Quick Facts About Scale Insects
|Hard scale||Soft scale||Mealybug|
|Adult Size (length)||Very small, about 1/16” to 1/8”||From 1/8” to ¼”||from 1/20 to 1/5”|
|Insect identification||Lightly oval, slightly elongated-shaped bumps which blend in with plant.||Convex shape, light, and tan colored with fuzz or filament protection||Lightly oval-shaped. Ringed with waxy filaments, they have distinct parallel segments.|
|Adult females are anchored permanently to the plant. Males take flight. Nymphs or crawlers are mobile and not covered in wax||Adults can move slowly, but it is rare for them to do so. Nymphs or crawlers are mobile and not covered in wax||Adults can move slowly, but it is rare for them to do so. Males take flight. Nymphs or crawlers are mobile and not covered in wax|
|Location on plants||Congregate on leaves, mainly underside, twigs, stems, and fruit.||Congregate on underside of leaves, on stems around petioles/leafstalks and branches, and concealed areas||Congregate on underside of leaves, on stems around petioles/leafstalks and branches, and concealed areas|
|How scale damages plants||Feed on individual plant cells||Feed on phloem tissue/plant sap from leaves and stems||Feed on phloem tissue/plant sap from leaves and stems|
|Plant damage||Leaves wilt, curl and discolor.
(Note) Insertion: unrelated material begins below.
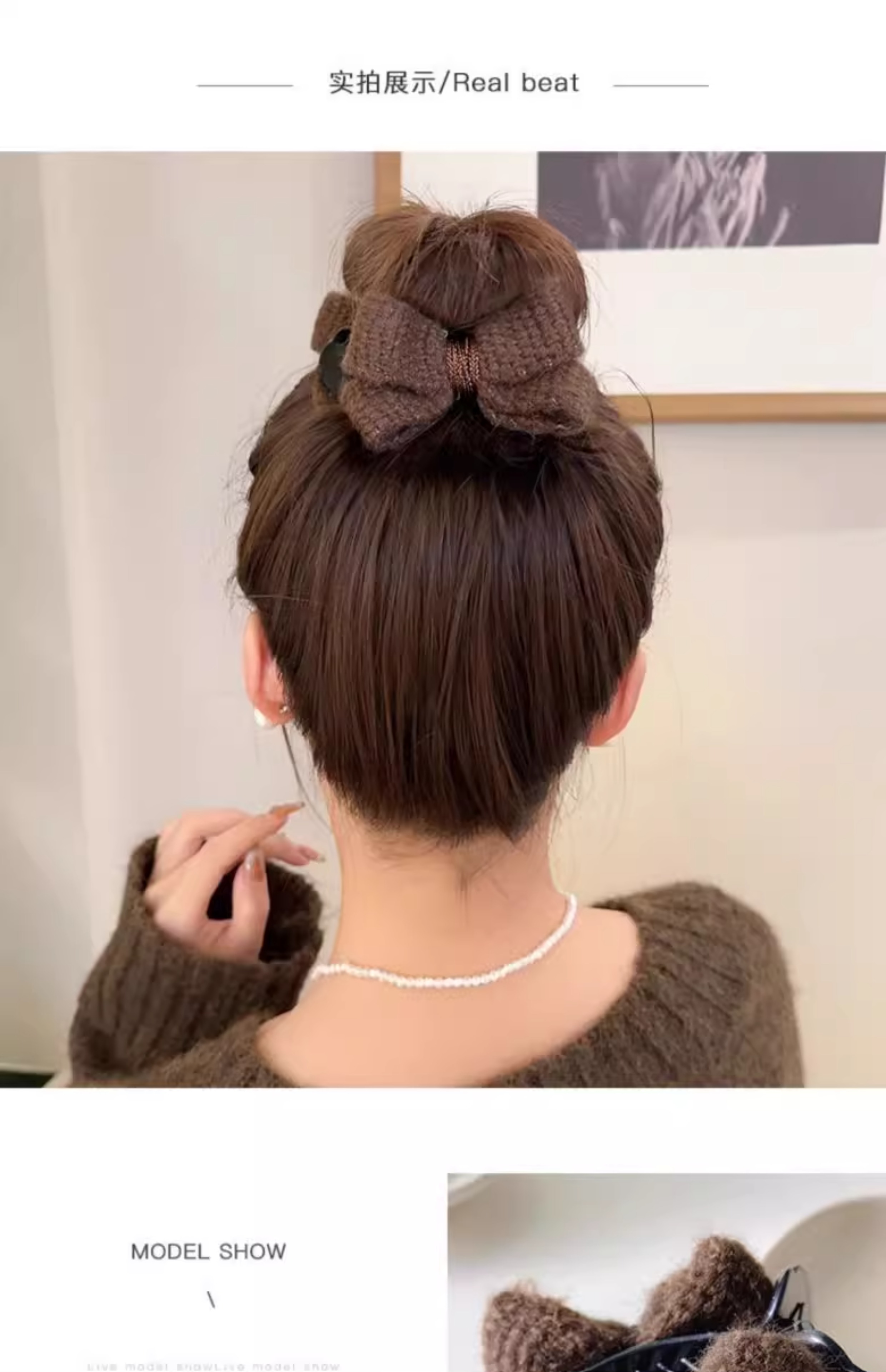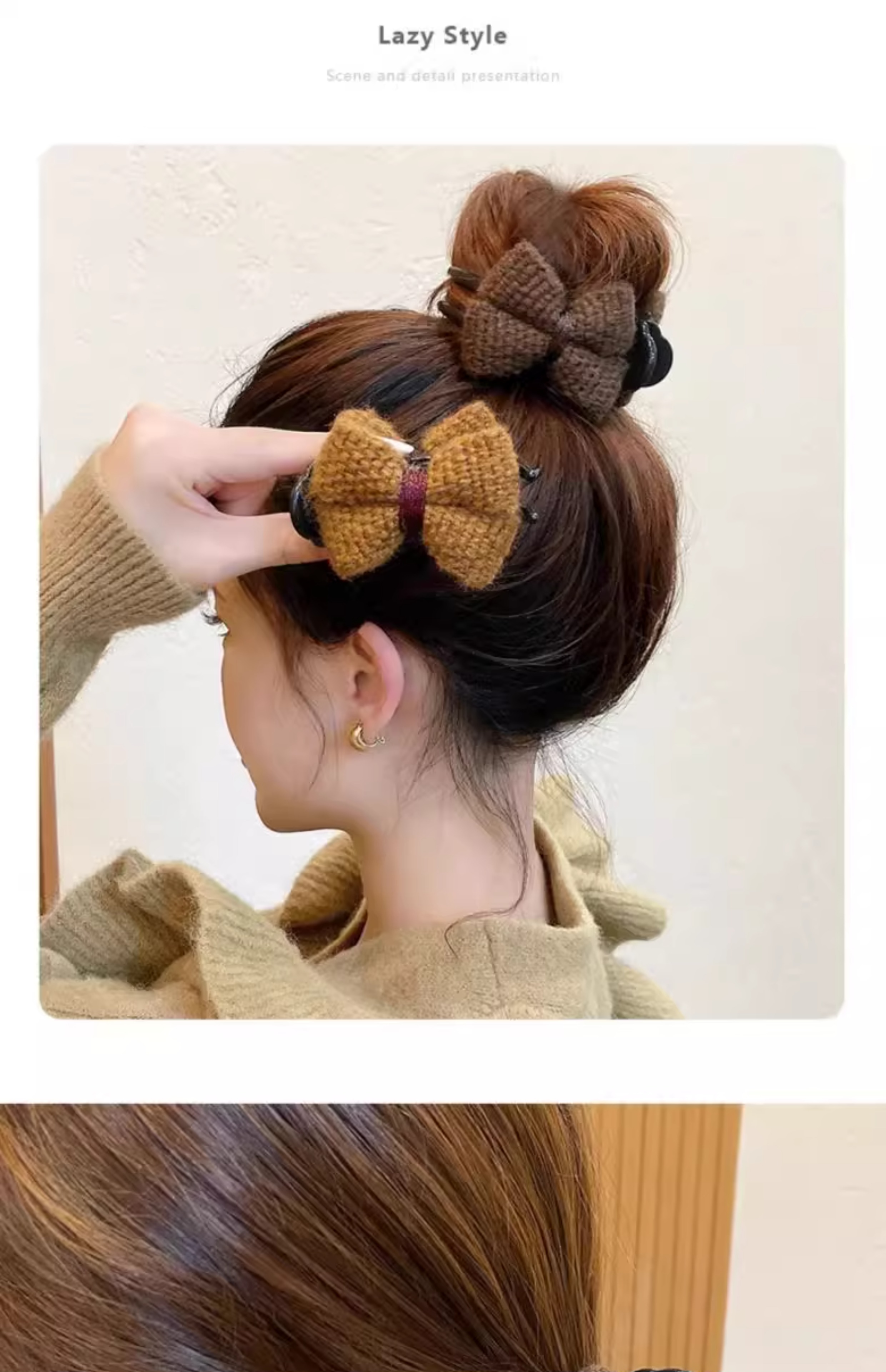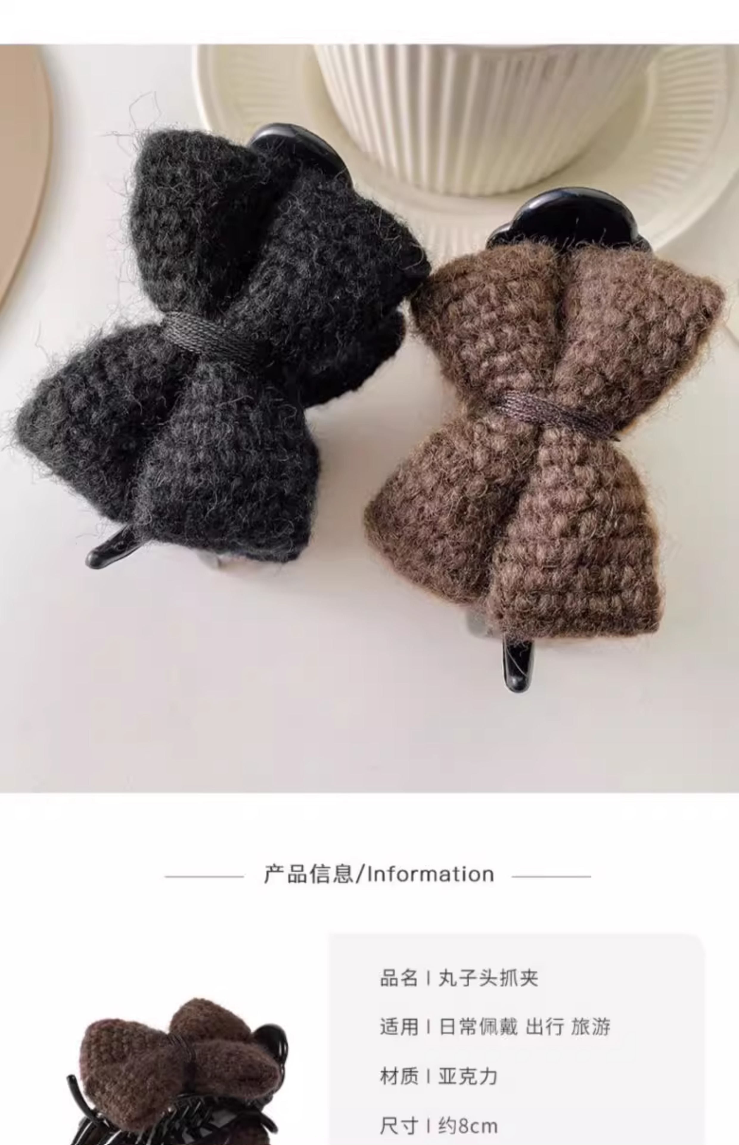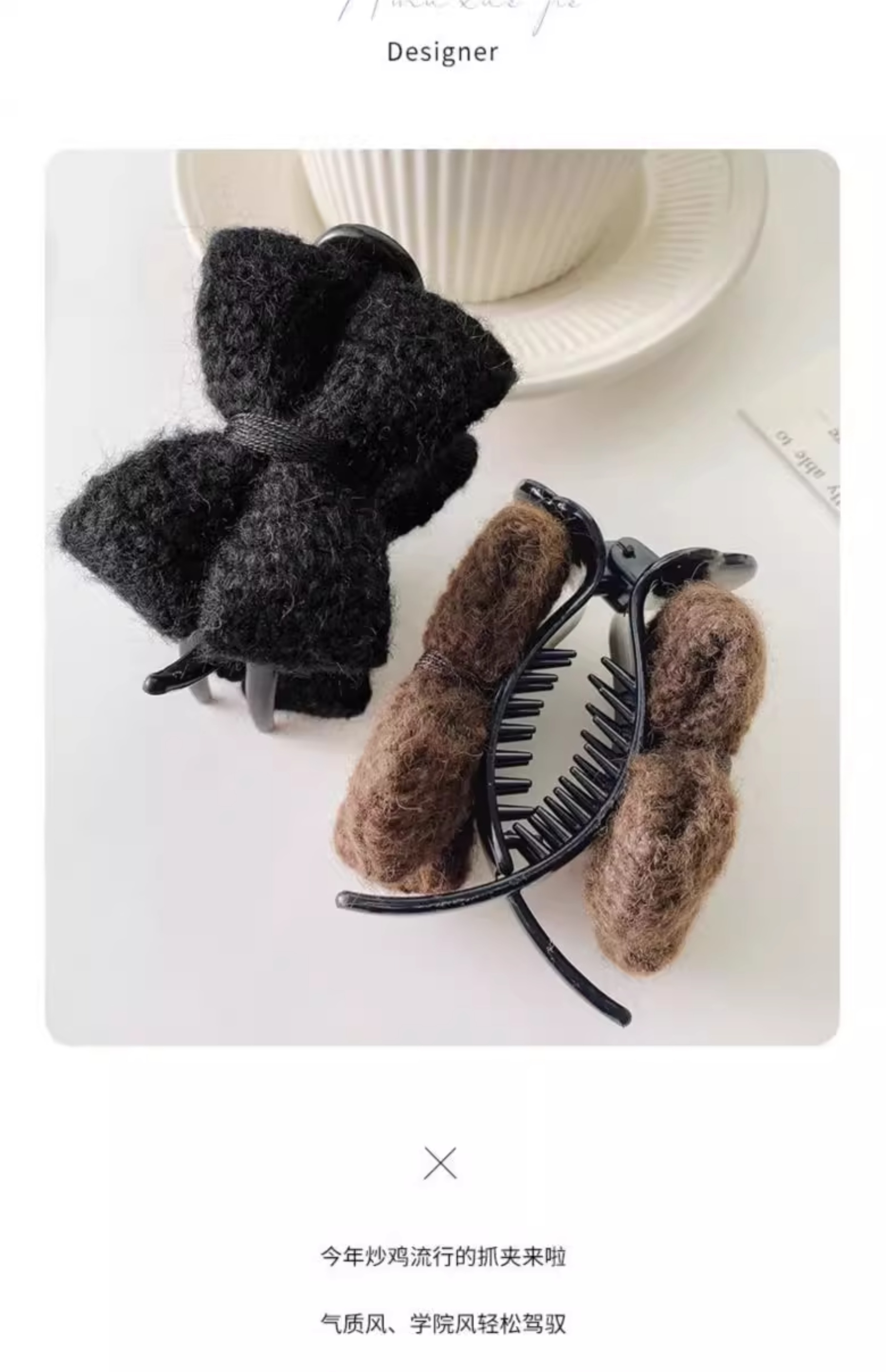 美拉德针织蝴蝶结丸子头抓夹女发夹子头饰盘发神器固定爪夹发卡

Premature leaf drop and malformed fruits Smaller twigs and branches may die back Worst case, the entire plant is destroyed.|
|Other indicators of scale infestation||Do not secrete honeydew||Secrete sticky-sweet honeydew sooty mold tends to grow.||Secrete sticky-sweet honeydew sooty mold tends to grow.|
|No significant indicators||Ants and whitefly congregate around scale-infested plants. They feed off the honeydew. Ants are a mutualistic relationship with scale. They ‘farm’ and protect the scale insects to secure the honeydew as a food source.||Ants and whitefly congregate around scale-infested plants. They feed off the honeydew. Ants are a mutualistic relationship with scale. They ‘farm’ and protect the scale insects to secure the honeydew as a food source.|
Having houseplants is a great way of adding character and color, fresh air, and happiness to your home.
Scale insects can turn the lovely greenery into a sticky mess of sooty, sticky honeydew-covered plants with yellowing and fallen leaves. That’s not so pretty.
It’s essential to have a protocol of preventative and curative interventions at the ready to prevent scale from infesting your houseplants. If you keep them well-watered, well-fed, and positioned for enough sunlight, the chances of attracting scale insects are low. If you do notice them, take action immediately to keep them healthy and thriving.